Additional shutdowns

In Poland, a Stellantis spokesperson acknowledged that downtime was scheduled at the Tychy plant, although details were not disclosed. According to Les Échos, operations there will be suspended for nine days in October.

Additional plants expected to be affected include Eisenach in Germany, which will close for five days, and facilities in Zaragoza and Madrid, Spain, which face shutdowns of seven and 14 days, respectively.

The broad scope of the shutdowns underscores the headwinds Stellantis is facing. The automaker’s sales slipped 8 percent in the first half of the year to 1.2 million vehicles in Europe, reflecting a combination of sluggish consumer demand, excess capacity, and intensifying competition from Chinese brands. 

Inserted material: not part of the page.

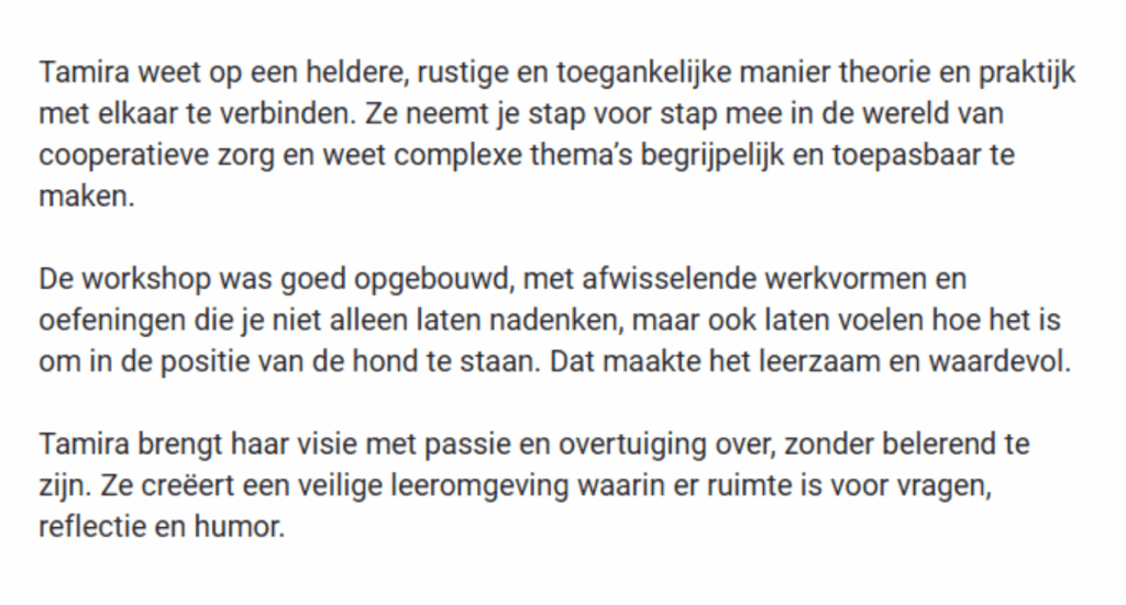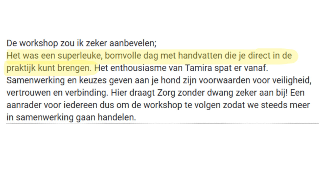 Reviews van eerdere hondenprofessionals die de workshop eerder hebben gevold

Image-wise, several brands suffered from multiple recalls. One was linked to the well-known case of deadly Takata airbags, others to in-house engineered weaknesses like a faulty fuel pipe on a range of models.

These issues are in addition to the problems with the 1.2 Puretech engine. These are the burden from ex-CEO Carlos Tavares’ overstretched cost-cutting strategy.

First in hybrids

However, the sales dip has also been fueled by new commercial models, such as direct sales, which have failed to deliver so far. The question remains whether the group’s brands can recapture the lost momentum.

This explains why unions fear that what is being presented as temporary downtime could foreshadow more permanent restructuring. Not in the least do these measures reflect the ongoing crisis across the auto industry, where Chinese brands are constructing factories, while the legacy brands struggle to keep them running. 

In a press release issued earlier this week, summarizing the performance of the first eight months of 2025, Stellantis maintained high hopes. At the European level, the group highlighted substantial progress in the hybrid segment (excluding PHEVs), where it now holds a market share of over 18%, and its dominance in light commercial vehicles, including electric models.